The United States backed coup in 1954 brought Carlos Castillo Armas to power. Along with other people with fascist leanings, he started the National Liberation Movement (Movimiento de Liberación Nacional, or MLN). The founders of the party described it as the "party of organized violence." The new government promptly reversed the democratic reforms initiated during the Guatemalan Revolution and the agrarian reform program that was the main project of president Jacobo Arbenz Guzman and which directly impacted the interests of both the United Fruit Company and the Guatemalan landowners.

After the 1954 coup d'état, the MLN became in effect the party of the Guatemalan landowners and military.
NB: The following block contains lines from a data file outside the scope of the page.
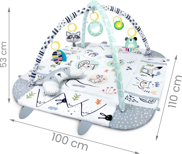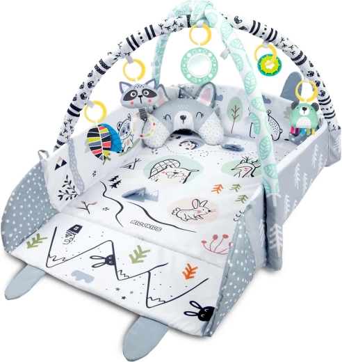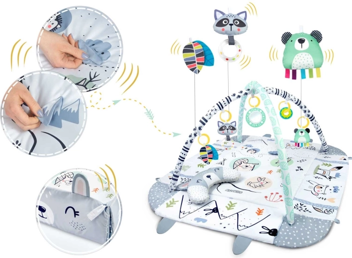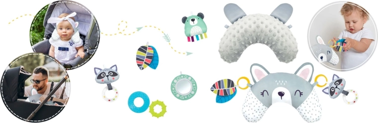 Espejo, sonajeros, elementos crujientes y con pitido, así como mordedores, desarrollan la vista, el oído y la motricidad fina. Los juguetes pueden moverse o retirarse fácilmente de los arcos.
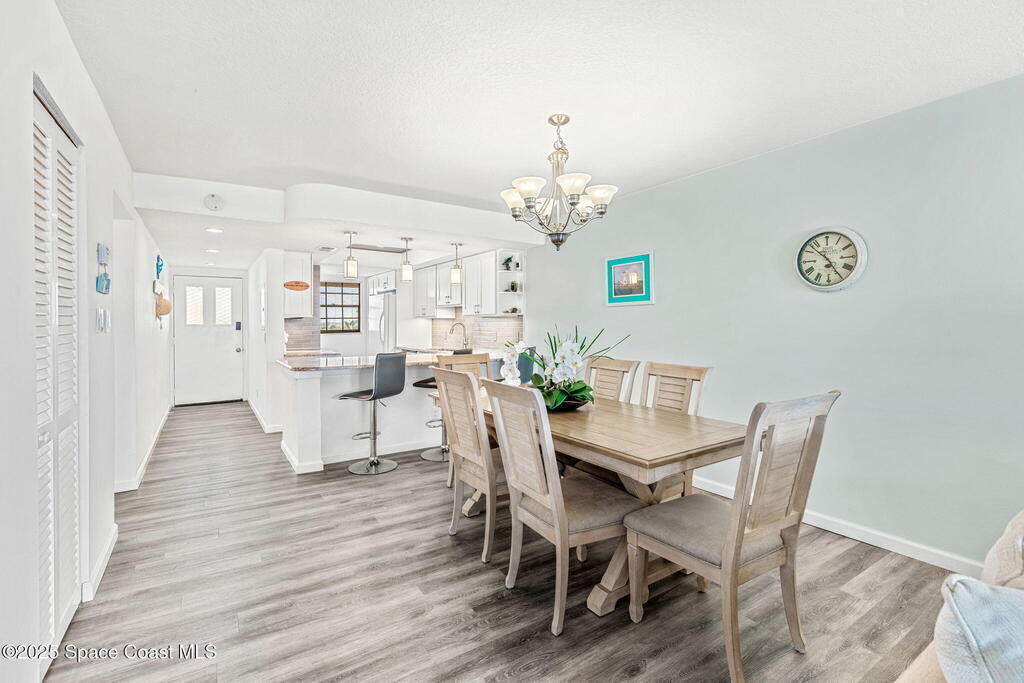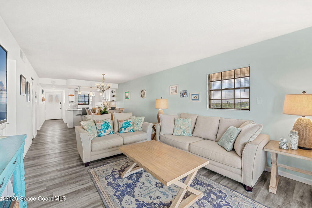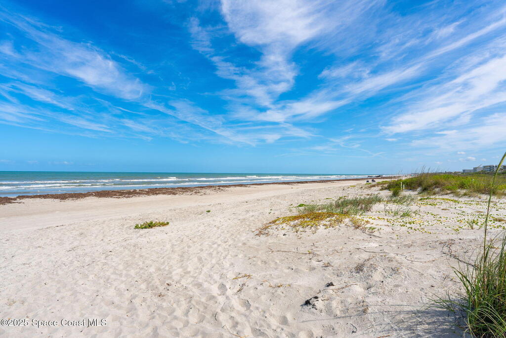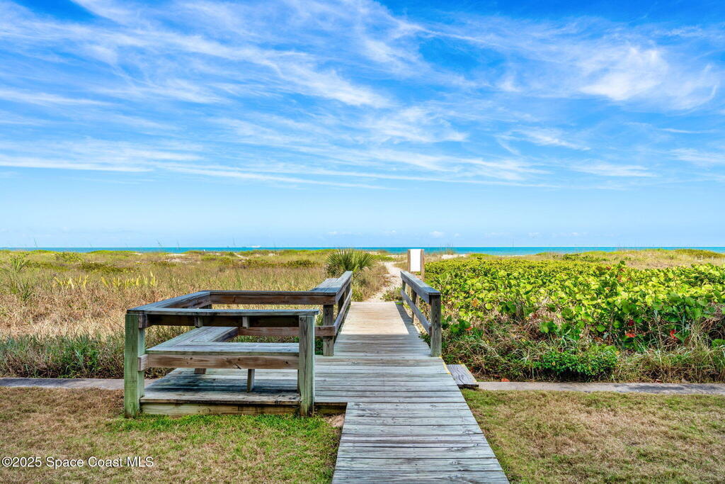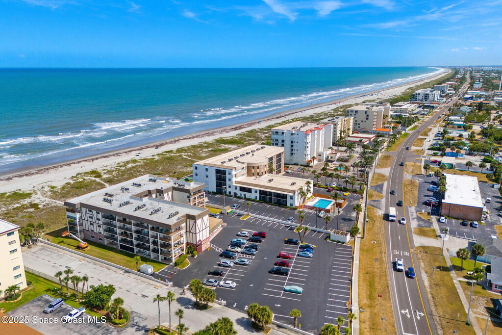 This renovated TOP FLOOR, NW CORNER UNIT offers OCEAN & RIVER VIEWS with a WRAP AROUND BALCONY! Top floor means no pesky view-obstructing structural components--just watching rocket-launches, sunshine, sea breezes & good vibes. An extra window at the corner provides plenty of natural light for that bright, beachy feel. Move right in--this furnished unit features vinyl flooring, a full copper rewire, and a 2018 kitchen remodel with white shaker, soft-close cabinetry, granite countertops and breakfast bar, and a pantry with rollout shelves. The in-unit laundry/utility room includes a newer large-capacity washer and dryer. Be storm ready with electric roll-down shutters on the sliders & corner window, and crank shutters for the front windows. Spend the day at the beach with convenient private access and finish the day with a refreshing dip in the ocean-view community pool, then walk downtown for dinner and cocktails. Recharge the next morning with a quick walk to breakfast at Whisk & Grind
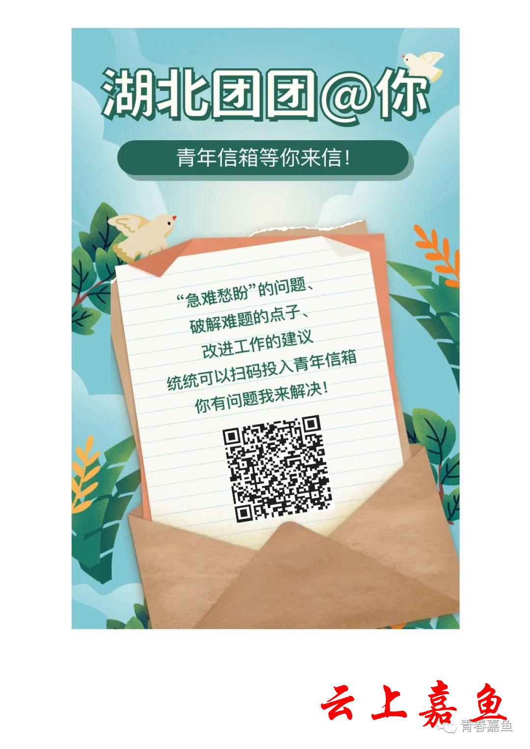 结合湖北共青团下基层察民情解民忧暖民心实践活动和“三联五助”行动,“青春嘉鱼”特别开设了“青年信箱”专区,征集青年建议、倾听青年声音、回应青年诉求帮助解决青年“急难愁盼”问题。有什么问题、困难或者解决建议、方案,统统都可以投递到“青年信箱”。
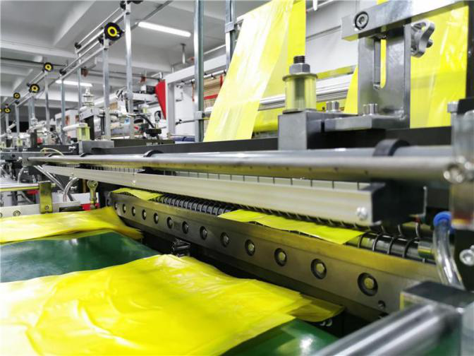 This machine is used for producing vest bags and flat-opening bags. The main motor adopts Taiwan frequency conversion motor to save more electricity and regulate speed more freely. The unwinder is Taiwan design, Same speed as main machine.And All electric parts is Famous brand.Long service life, high degree of automation, reduce labor, care for the environment.
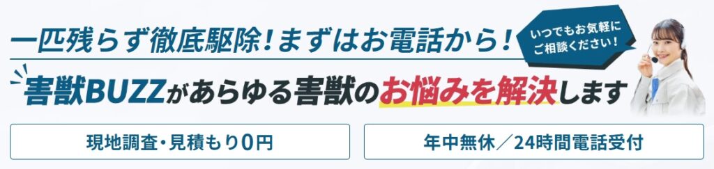 害獣BUZZでは、電話またはメールでの無料相談・無料調査の受付を行っています。
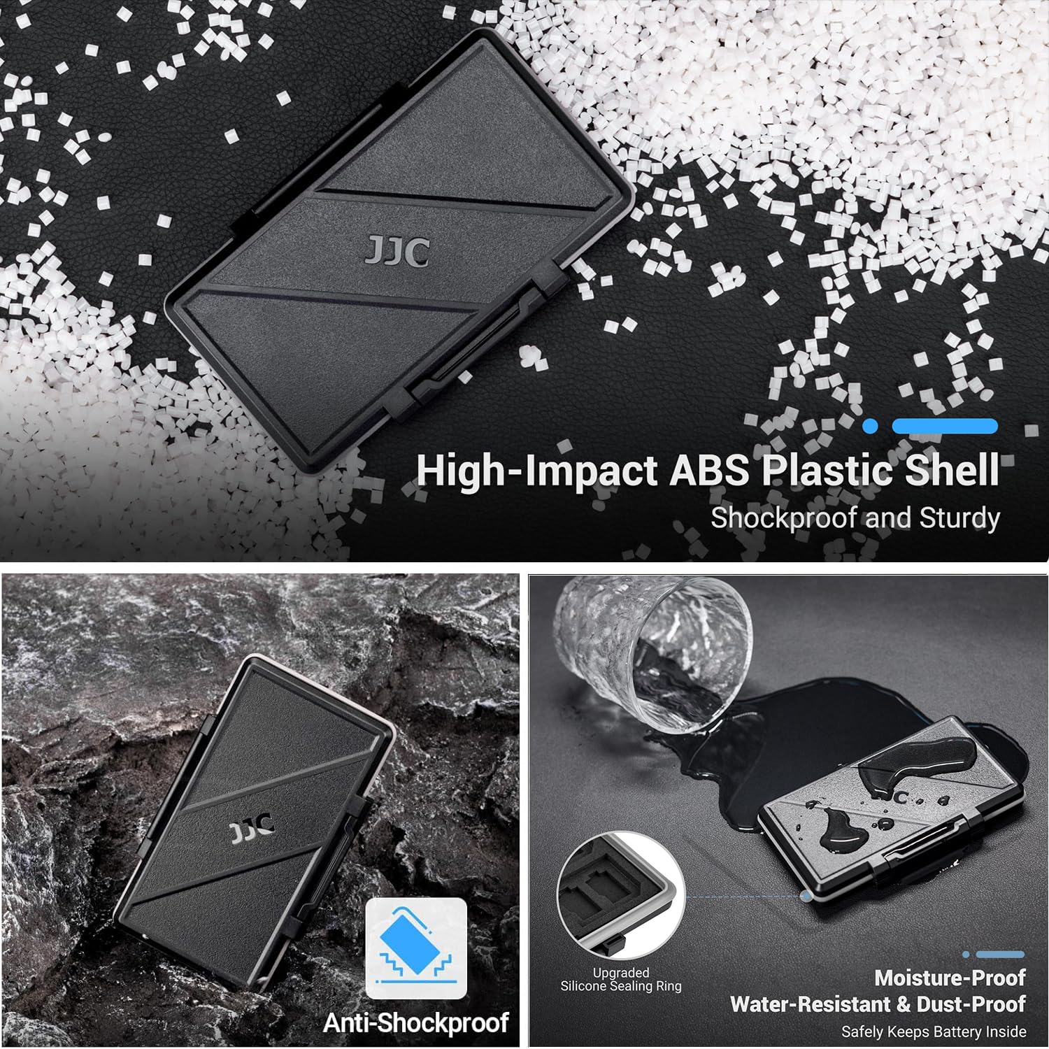 【WATER-RESISTANT&ANTI-SHOCK】:High quality ABS material, strong and durable.The memory card storage box sealing ring is made of advanced silicone.If your backpack is wet by rain, water resistant is the key.
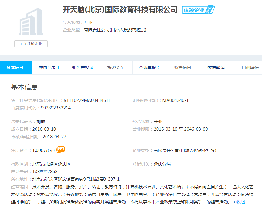 | 公司名称 | 开天脑(北京)国际教育科技有限公司 | 信用代码 | 91110229MA0043461H |
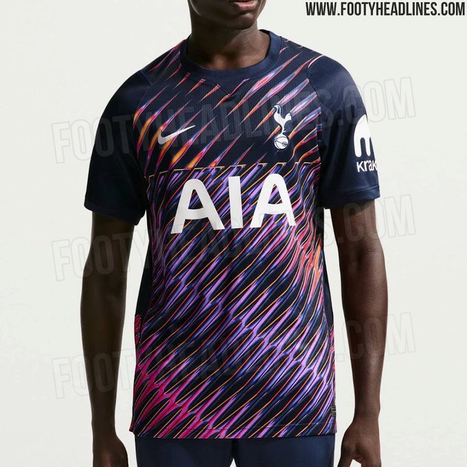 The leaked shirt marks a clear departure from the club’s usual understated away colours. Instead, it embraces a daring aesthetic, built on a deep navy base and highlighted by a vibrant, multi-coloured graphic across the front. A striking diagonal brushstroke effect blends electric pink, bright orange and light blue, while the club crest and sponsor logos stand out sharply in white for clarity.
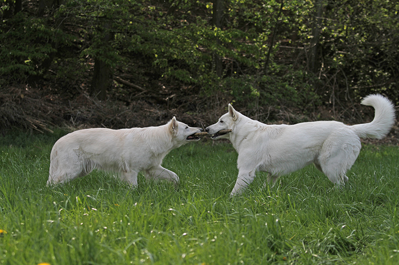 Mama Kaya und Sohn Blaidd kämpfen ums Stöckchen...nebenbei bemerkt, neben
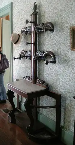 The front hall was the introduction to the house, and as such was an important part of the Victorian home.[1] Furnishings were selected not only to make it a useful place to hang a hat and coat, store an umbrella and leave a calling card, but also to show family wealth, social position and knowledge of current styles.[1] A hall stand or a hatrack was the most important piece of furniture.[1] These were new forms that appeared about 1840, such as the hall tree, as homes became larger and social visits became more structured.[1] Smaller houses had smaller front halls, so a hanging hatrack was the answer to the problem of storing visitors' coats and hats.[1] As well as holding hats and coats, a hall tree could be used to store bags, umbrellas, walking sticks, boots and other items.[1]
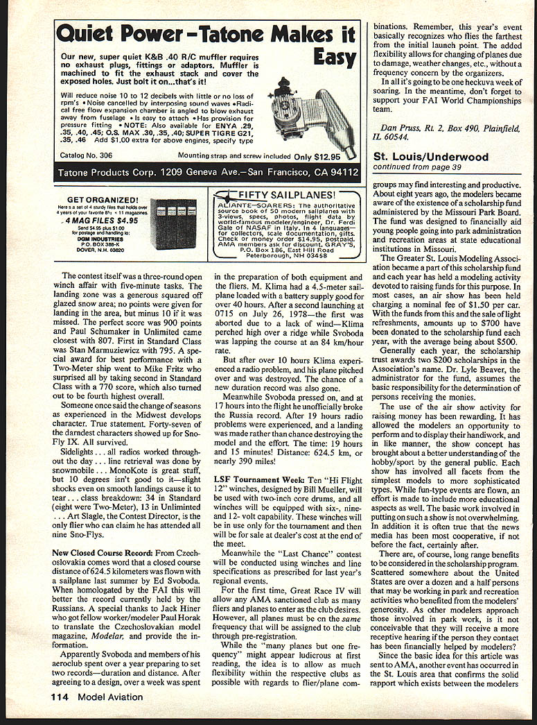 The St Louis Story.. 14-club Greater St Louis Modeling As sociation achieved pro ductive 20-year relation ship St Louis County Department Parks Recreation assuring excellent flying sites U Bob Underwood ALMOST two decades ago modelers St Louis area faced problem others have encountered throughout United States Because increasing pres sures flying fields materializing vanishing alarming rate spite relatively small amount space required control-line activity problem became critical point very new rather small St Louis County Department Parks Recreation approached see land some outlying area might utilized model field individual contacted Mr Wayne Kennedy sympathetic modelers cause guidance association clubs formed time consisting solely control-line grroups space found land donated Mr GA Ruder plans made Original developments field relied heavily work done modelers themselves Circles constructed along pavilion fencing made clear modeling voice St Louis far Park Department con cerned newly formed Greater St Louis Modeling Association Through addition RC field vast improvements working relationship has remained facility Ruder Park has continuously improved now consists asphalt-paved runways circles parking areas pavilions other improvements Association has grown include 14 clubs representing free flight control line radio control well two RC car clubs live steam locomotive group Association has attempted show its appreciation cooperation afforded community way other Continued page 114 June1979 39 formal dedication Buder Park left Bob Underwood Chairman GSLMA Mr Buder family Wayne Kennedy Director Park Department just left pole County Councilman An excellent site RCers rendered homeless also found Ray Wiederhold plc Attime 1972 dedication Buder Parkfacilltles CLarea upper right builtalmost2Oyearsago BC area two 30ft wide 315ff asphalt runways Improvements planned include scale railroad live-steam club GSLMA picnic facilities wooded area Bill Crane plc Official ribbon-cutting new RC runways pavilion Art Biehi RCer Cecil Cooke free flighter hold pole Bob Underwoods plane cuts ribbon Part Scholarship Fund Air Show Quiet Power -Tatone Makes Easy new super quiet K&B 40 R/C muffler requires no exhaust plugs fittings adaptors Muffler machined fit exhaust stack cover exposed holes Just bolt on.thats Will reduce noise 10 12 decibels little no loss rpms Noise cancelled interposing sound waves Radi cal free flow expansion chamber angled blow exhaust away fuselage attach provision pressure fitting Also available ENVA 29 35 40 45 08 MAX 30 35 40 SUPER TIGRE G21 35 46 Add $100 extra above engines specify type Catalog No 306 GET ORGANIZED o set 4 sturdy ties holds over 4 years yoal favorite 5 Ii magazines 4 MAG FILES S495 Send $486 pko sige postage handlerg DON INOUSThIES PO eox 388-K DOWR NH 03820 contest itself three-round open winch affair five-minute tasks landing zone generous squared off glazed snow area no points given landing area minus 10 missed perfect score 900 points Paul Schumaker Unlimited came closest 807 First Standard Class Stan Marmuziewicz 795 spe cial award best performance Two-Meter ship went Mike Fritz surprised taking second Standard Class 770 score also turned out fourth highest overall Someone once said change seasons experienced Midwest develops character True statement Forty-seven darndest characters showed up Sno Fly IX survived Side~ts. radios worked through out day. line retrieval done snoobile. MonoKote great stuff 10 degrees isnt good itslight shocks smooth landings cause tear. class breakdown 34 Standard eight Two-Meter 13 Unliminted . Art Slagle Contest Director flier can claim has attended nine Sno-Flys New Closed Course Record Czech oslovakia comes word closed course distance 6245 kilometers flown sailplane last summer Ed Svoboda homologated FAT will better record currently held Russians special thanks Jack Hiner got fellow worker/modeler Paul Horak translate Czechoslovakian model magazine Modelar provide formation Apparently Svoboda members aeroclub spent over year preparing set two recordsduration distance After agreeing design over week spent Mounting strap screw included Only $129 ZLTFIFTY SAl LPLANES ALIANTESOARERS authoritative source book 50 modern saliplanes 3-views specs photos flight data world-famous modeler/engineer Ferdi Gale NASAF Italy 4 lanu7jjJ collectors scale documentation gifts Check money Order $1495 postpaid AMA members ask discount GRAYS PO Box 186 East Hill Road Peterborough NH 03458 preparation both equipment fliers M Klima 45-meter sail plane loaded battery supply good over 40 hours After second launching 0715 July 26r 1978the first aborted due lack windKlima perched high over ridge Svoboda lapping course 84 km/hour rate after over 10 hours Klima experi enced radio problem plane pitched over destroyed chance new duration record also gone Meanwhile Svoboda pressed 17 hours flight unofficially broke Russia record After 19 hours radio problems experienced landing made rather chance destroying model effort time 19 hours 15 minutes Distance 6245 kin nearly 390 miles LSF Tournament Weelc Ten Hi Flight 12 winches designed Bill Mueller will used two-inch core drums winches will equipped six- nineand 12- volt capability winches will use tournament will sale dealerrs cost end meet Meanwhile Last Chance contest will conducted using winches line specifications prescribed last years regional events first time Great Race IV will allow AMA sanctioned club fliers planes enter club desires However planes must same frequency will assigned club through pre-registration planes fre quency might appear ludicrous first reading idea allow much flexibility within respective clubs possible regards flier/plane com binations Remember years event basically recognizes flies farthest initial launch point added flexibility allows changing planes due damage weather changes etc frequency concern organizers its going heckuva week soaring meantime dont forget support FAI World Cham
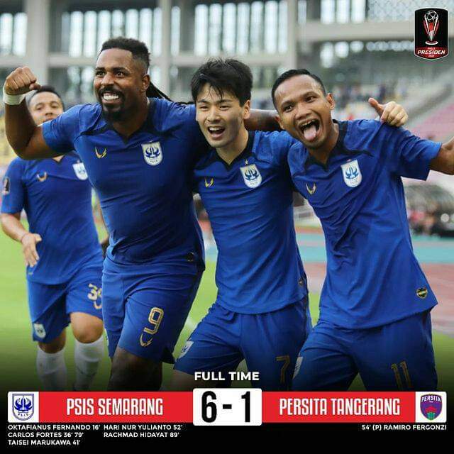 JAkarta – Tim yang kini menjadi tim bertabur bintang, PSIS Semarang berhasil unjuk gigi di ajang Piala Presiden 2022. Usaha PSIS mendatangkan para pemain asing terbaik di Liga 1 BRI yang lalu membuahkan hasil manis, Para striker yang memecahkan transfer termahal pemain asig di Indomesia itu berhasil mencetak gol saat membantai Persita Tangerang 6-1.

However, the leftist guerrillas in the country were very active during the 1960s, especially after a failed coup on November 13, 1960 by progressive army officers who wished to set up a democratic government. In response to this threat, the Guatemalan government acted on the advice of the military attache at the United States embassy and helped set up several vigilante groups throughout the country. The establishment of several new government death squads also coincided with a rise in US involvement with the counter-insurgency, with the transfer of weapons and techniques that had been used in the Vietnam War. A thousand Green Berets were also sent by the United States, along with military consultants, some of whom were implicated in the setting up of the death squads.